Horen we wat van die grootsheid op Beter Dan Best, een verzamel LP uit 1973 waarvoor Scholte zijn grootste successen opnieuw inzong? Het korte antwoord is “Nee…?”. Ik weet niet zo goed hoe ik dit zeggen moet maar Bob Scholte kan niet zo goed zingen. Zeker bij zijn uithalen heeft Scholte een soort geknepen keelklank, die haast aan Kermit de Kikker doet denken. Dat bedoel ik zuiver als beschrijving, niet om de beste man af te kraken (NB: afkraken deed de plaat zelf al genoeg, want hij was behoorlijk bekrast, maar dat is een ander verhaal). De kans is aannemelijk dat wanneer u die klank voor het eerst hoort u, net als ik, in verschrikking een gelaatsuitdrukking aanneemt die je aan zou nemen als je Scholtes stemgeluid zou willen imiteren.

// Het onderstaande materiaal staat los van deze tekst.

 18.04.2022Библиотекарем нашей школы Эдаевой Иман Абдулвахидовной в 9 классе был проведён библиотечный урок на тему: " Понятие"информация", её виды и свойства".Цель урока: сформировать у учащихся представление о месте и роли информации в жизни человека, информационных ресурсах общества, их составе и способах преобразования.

Scholtes reguliere zangstem klinkt prima, maar ieder nummer heeft wel een moment van uithaal waarbij je de neiging krijgt even om je heen te kijken of er geen verborgen camera’s zijn. De uitspraak dat Scholtes stem “nog steeds respect afdwingt”, zoals een recensent van Tubantia in ’73 schreef, kan ik niet goed plaatsen.

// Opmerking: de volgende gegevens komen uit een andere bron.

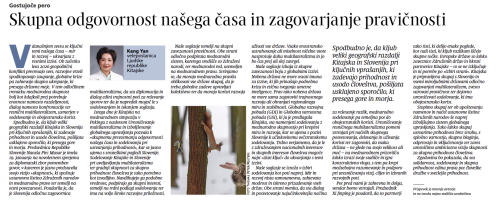 2026年1月28日,驻斯洛文尼亚大使康艳在斯主流媒体《劳动报》发表署名文章《共担时代责任,捍卫公平正义——中斯携手践行真正多边主义》,全文如下: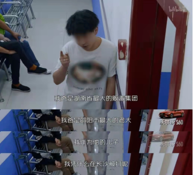 他聲稱父親是湖南省最大的販毒集團(tuán)成員,情緒激動(dòng)地控訴,“我爸是邵陽(yáng)市的老大,我作為他的兒子,憑什么在長(zhǎng)沙被打呢!”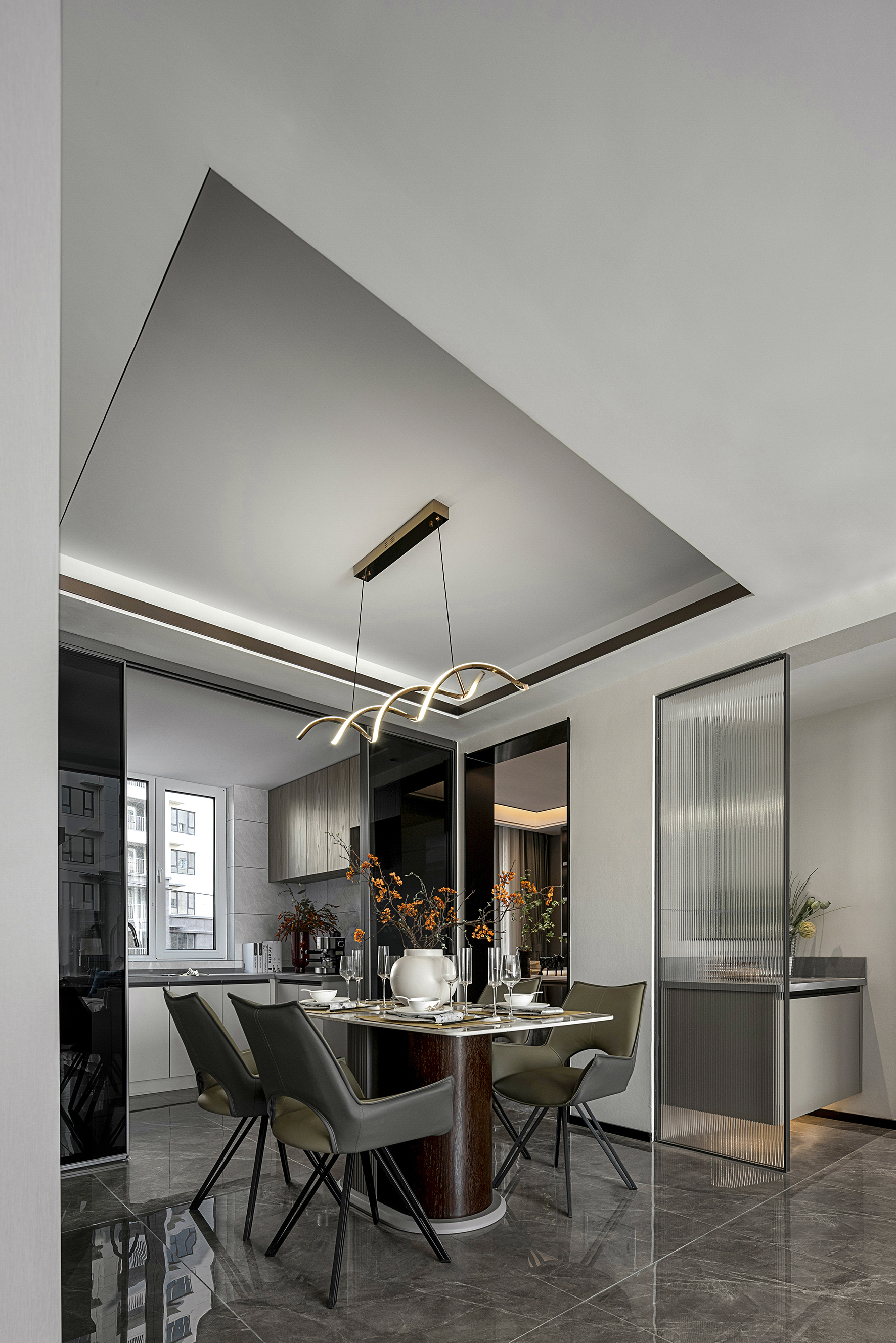 空间布局:客厅餐厨区并联于开放式的空间界面中,整个横向的布局大气而端正,保持相对独立又互通延展。以细腻手法优化生活场景,功能与结构之间实现平衡,流畅动线凸显出通透与开阔。

Er zijn zeker wel nummers op de plaat waar interessante interactie is tussen stem, tekst en muziek. Scholtes versie van “Mijn Yiddische Memme” bijvoorbeeld, straalt een bepaalde donkere warmte uit, en Scholtes stem vervlecht zich op zwierende wijze door de bandoneonmuziek. Maar tegelijkertijd, als ook in het zomers klinkende “Vier woorden”, zijn er een of twee momenten in het nummer waarop Scholtes stem uit de bocht schiet en de magie plots verbroken wordt. Je zou bijna denken dat Scholte, die met duidelijk bezweette bovenlip op de hoes van de plaat is afgebeeld, simpelweg de hele opname heeft gesnakt naar een slokje water.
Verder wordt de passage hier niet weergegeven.